AWS Athena
From Federal Burro of Information
light sensor
from the light sensor data project:
CREATE EXTERNAL TABLE IF NOT EXISTS lightsensordb.sensordatatable ( `timestamp` int, `reading1` float, `reading2` float ) ROW FORMAT SERDE 'org.apache.hadoop.hive.serde2.lazy.LazySimpleSerDe' WITH SERDEPROPERTIES ( 'serialization.format' = ' ', 'field.delim' = ' ', 'collection.delim' = 'undefined', 'mapkey.delim' = 'undefined' ) LOCATION 's3://mymainsqueeze/sensor/' TBLPROPERTIES ( 'has_encrypted_data'='false');
SELECT timestamp , reading1, reading2 from lightsensordb.sensordatatable LIMIT 100
string to date:
date_parse(b.APIDT, '%Y-%m-%d')
If you are destroying and creating tables ofeten, tweaking and tuning, make a saved query for the create.

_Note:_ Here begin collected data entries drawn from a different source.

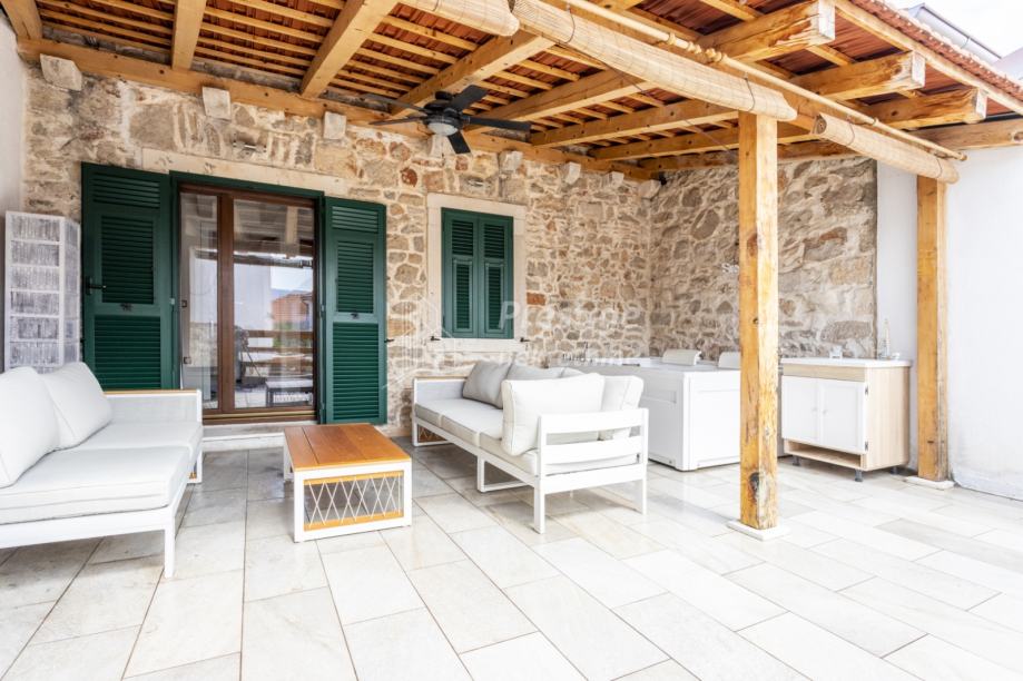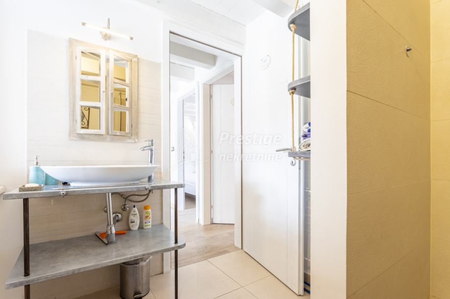 Ova Villa je potpuno opremljena i prodaje se s namještajem. Svaka soba ima klimu, a u dnevnom boravku te Dive & Relax zoni klimatizacija tijekom ljeta nije potrebna obzirom da kamen kuće prirodno drži nižu temperaturu od one vanjske. Svaki detalj ove Vile smo osmislili s ljubavlju i pažnjom i sigurni smo da će to prepoznati i budući vlasnici.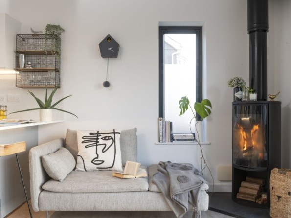 Open plan with the dining area and kitchen, this inviting room features two large sofas and has access via a sliding door to the front terrace. It features a wonderful *wood-burning stove as well as a standing Smart TV and Bluetooth speaker.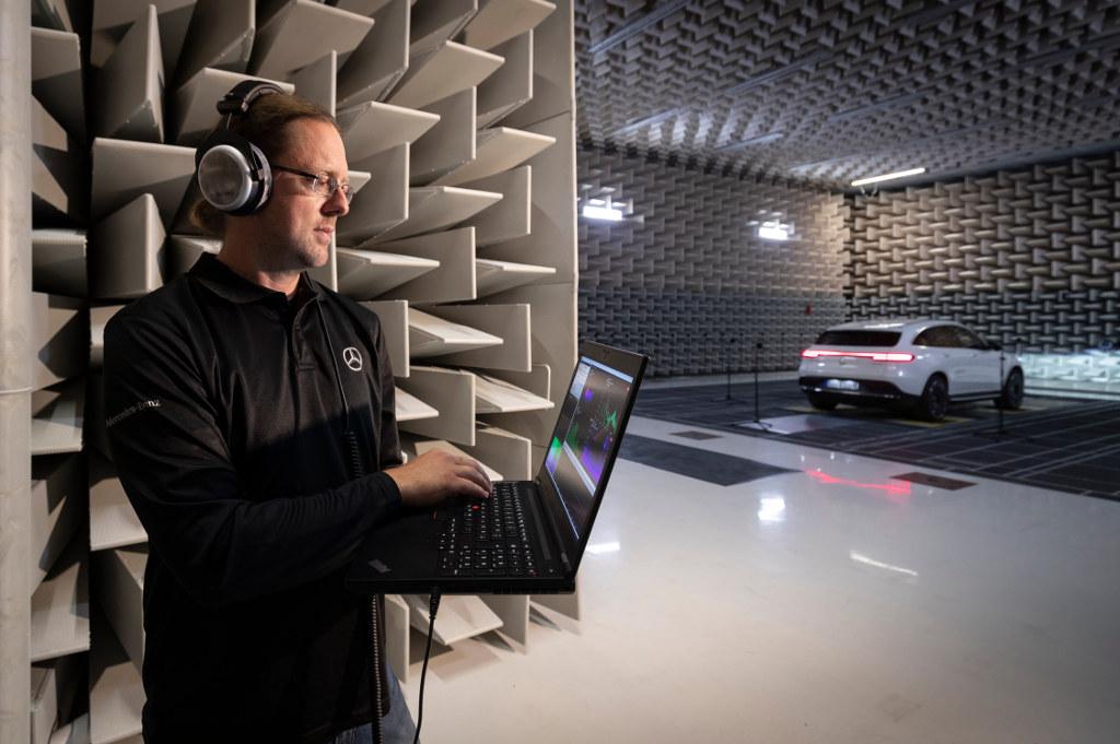 Dlatego też specjaliści od dźwięku z ośrodka badań akustycznych w Mercedes-Benz Technology Center (MTC) w Sindelfingen pracują nad nadaniem optymalnego dźwięku zelektryfikowanym modelom Mercedesa. Przeprowadzane tam testy i pomiary pozwalają skonfigurować generowane dźwięki dla każdego Mercedesa z elektrycznym napędem.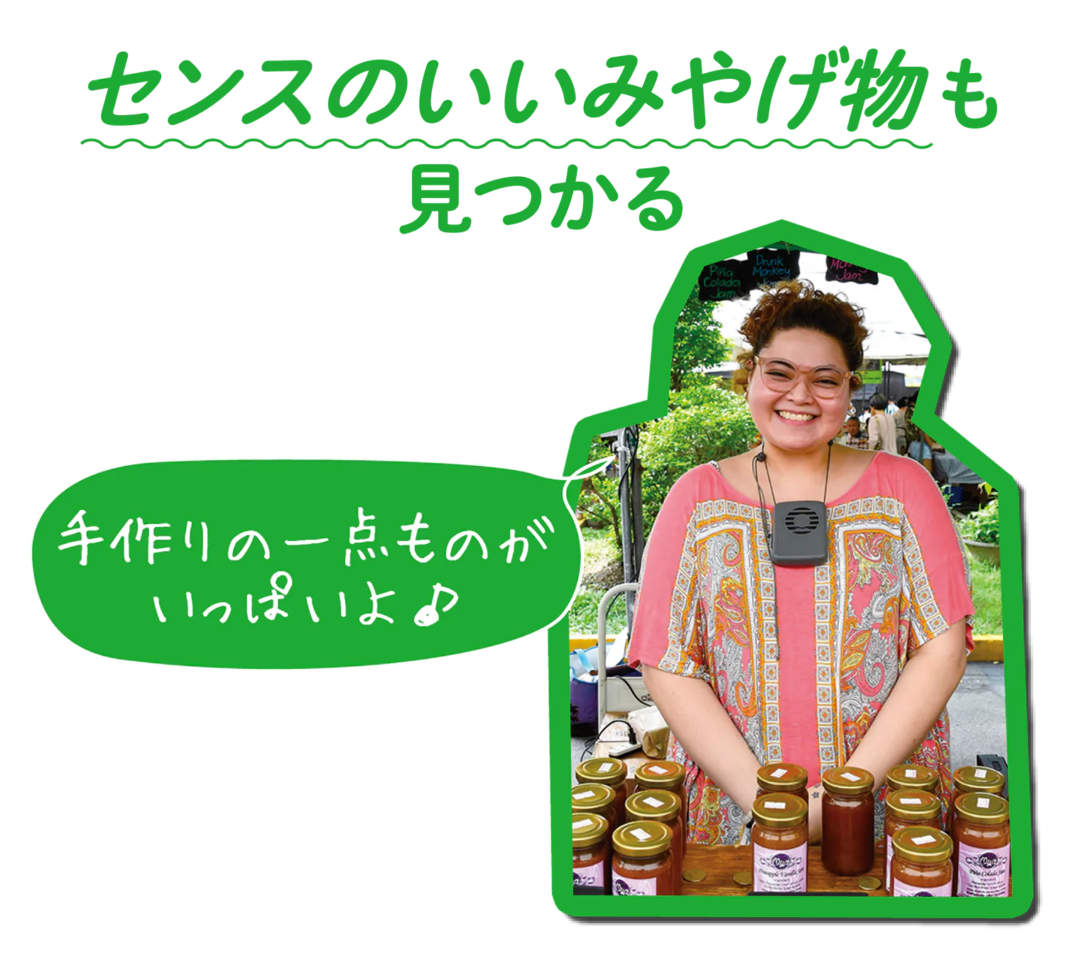 犬の散歩途中に訪れる人もいて、平和な雰囲気が漂う日曜市。デリや各種フードコーナーはもちろん、食器やアクセサリー、コスメ、バッグなどもあって、雑貨好きにはたまらない品揃え。人気の店のデリは売り切れることもあるので、早めの時間がおすすめ。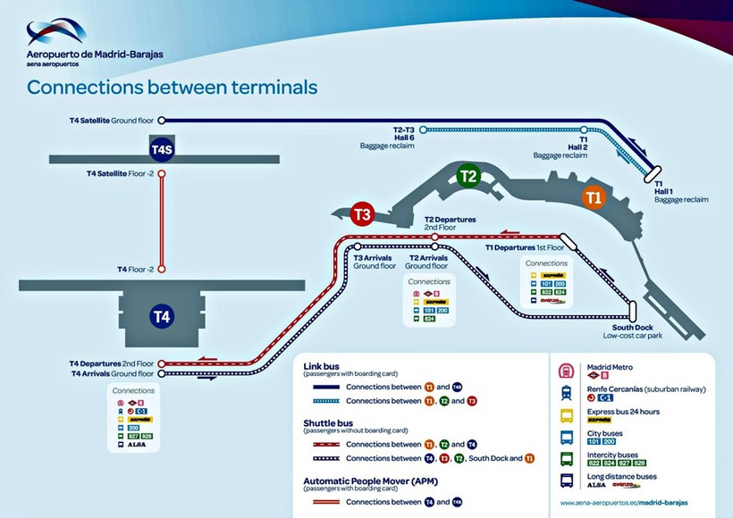 Расстояние от центра Мадрида до аэропорта всего 12 километров. До города я предпочитаю добираться на автобусе, который отправляется с остановки от терминалов. Помимо этого, есть возможность доехать за 25-30 минут на поезде или метро, станции расположены здесь же.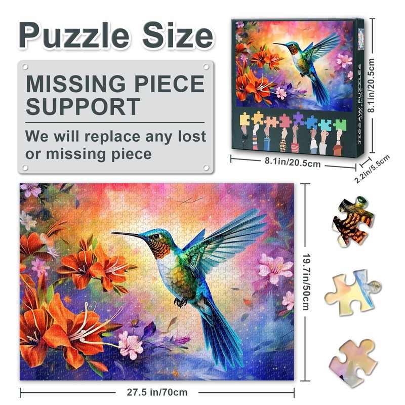 Puzzles for Adults, 1000 Pieces, Hummingbird Jigsaw Puzzles, Flower Art, 27.5 x 19.7 Inch Animals & Bloom Plant Design, Heavy Challenging Puzzle, Family Game for Men and Women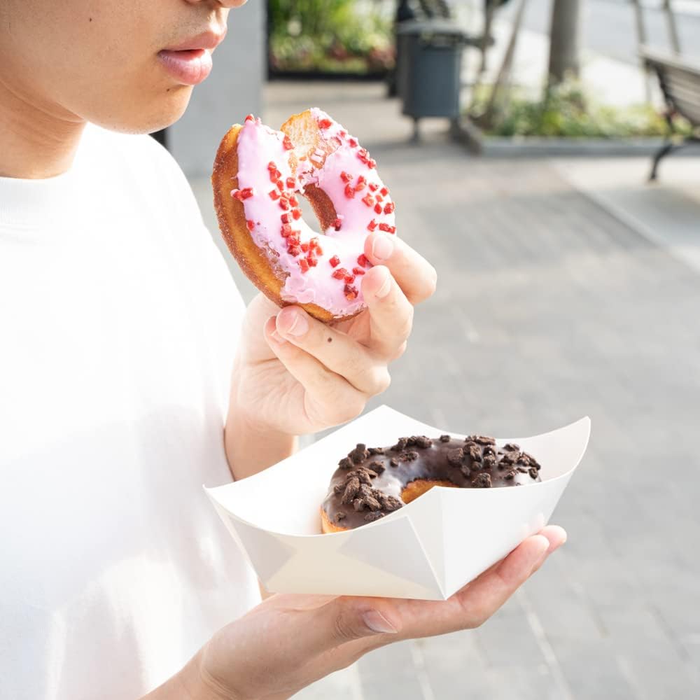 - GREASE-RESISTANT PROTECTION: These white paper trays feature a grease-resistant lining to prevent leaks and keep foods like nachos and hot dogs mess-free. Great for food trucks and outdoor events.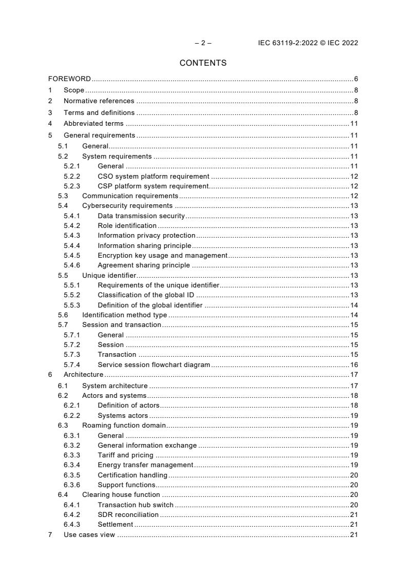 IEC 63119-2:2022 specifies roaming use cases of information exchange between EV charging service providers (CSP), charging station operators (CSOs) and clearing house platforms through roaming endpoints. The elementary use cases defined in this document are designed to support the user to have access to the EV supply equipment which does not belong to the home-CSP. IEC 63119 (all parts) is applicable to high-level communication involved in information exchange/interaction between different CSPs, as well as between a CSP and CSO with or without clearing house platform through the roaming endpoint. IEC 63119 (all parts) does not specify the communication either between charging station (CS) and charging station operator (CSO) or between EV and CS.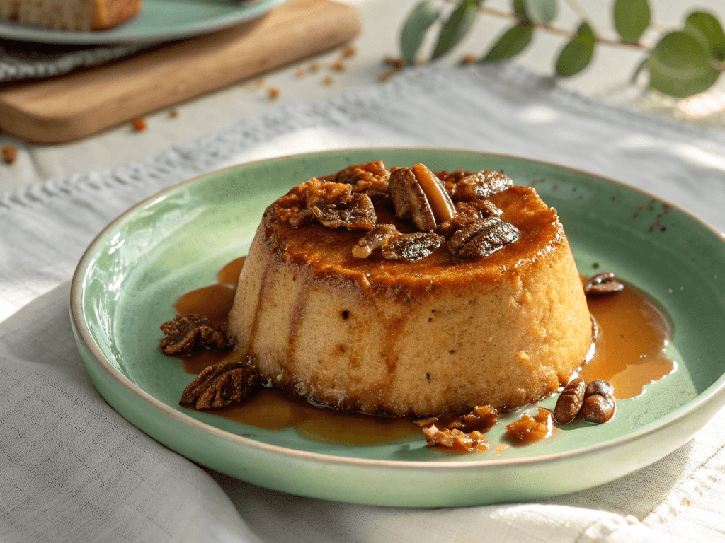 A rich, indulgent pudding cake infused with maple and a splash of whiskey, studded with crunchy pecans. Served with a warm caramel sauce that melts into every bite — sweet, nutty, and perfectly comforting.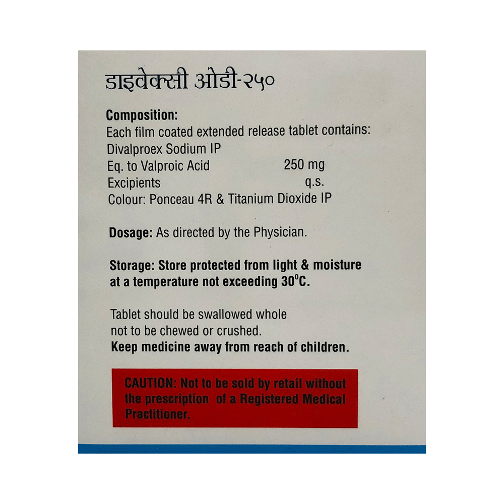 Divaxee OD 250 Tablet ER is a medication used to treat epilepsy, seizures, bipolar disorder, mania, trigeminal neuralgia, and migraines. It works by stabilizing brain activity. Always use it under medical supervision for safe and effective treatment. Divaxee OD 250 Tablet ER may be used alone or in combination with other medicines. Your doctor will determine the appropriate dose and frequency to effectively control your symptoms. You can take this medicine with or without food, but for the best results, take it at the same time each day. It usually takes a couple of weeks to work. It is important to take this medicine regularly and for as long as you are advised, even if you feel well. Missing doses may trigger seizures, and if you stop, your condition may get worse. It should never be stopped suddenly.The most common side effects of Divaxee OD 250 Tablet ER include headache, constipation, nausea, vomiting, dizziness, weight gain, rash, back pain, and abdominal pain. Most of these are not serious. Continue taking the medicine, but consult your doctor if these side effects persist or become bothersome. However, if you notice a skin rash or redness, tell your doctor straight away. Long-term treatment with this medicine can cause osteoporosis (reduced bone mass) and increase your risk of breaking a bone. Also, Divaxee OD 250 Tablet ER may rarely lead to suicidal thoughts and behaviors. If your mood becomes depressed, tell your doctor.Divaxee OD 250 Tablet ER may not be suitable for everybody. Before using it, tell your doctor if you have ever had heart problems, kidney or liver disease, difficulty urinating, depression, or suicidal thoughts. Some medicines can interfere with it and should not be taken together, so tell your doctor about all the medicines you are taking to make sure it is safe for you. If you are pregnant, do not take this medicine without asking your doctor. Avoid drinking alcohol, as it may enhance certain side effects and increase the risk of seizures. You may need frequent blood tests to help your doctor make sure you are taking the right dose both before you start and while you are using it.

CREATE EXTERNAL TABLE IF NOT EXISTS billing.XXX ( `posted` string, `payee` string, `address` string, `amount` float ) ROW FORMAT SERDE 'org.apache.hadoop.hive.serde2.lazy.LazySimpleSerDe' WITH SERDEPROPERTIES ( 'serialization.format' = ',', 'field.delim' = ',' ) LOCATION 's3://XXX/XXX/' TBLPROPERTIES ( 'has_encrypted_data'='false', 'skip.header.line.count'='1' );
SELECT date_parse(posted, '%m/%d/%Y') , payee FROM "billing"."XXX" limit 100;
if your data has a header remote it!
TBLPROPERTIES ( 'skip.header.line.count'='1');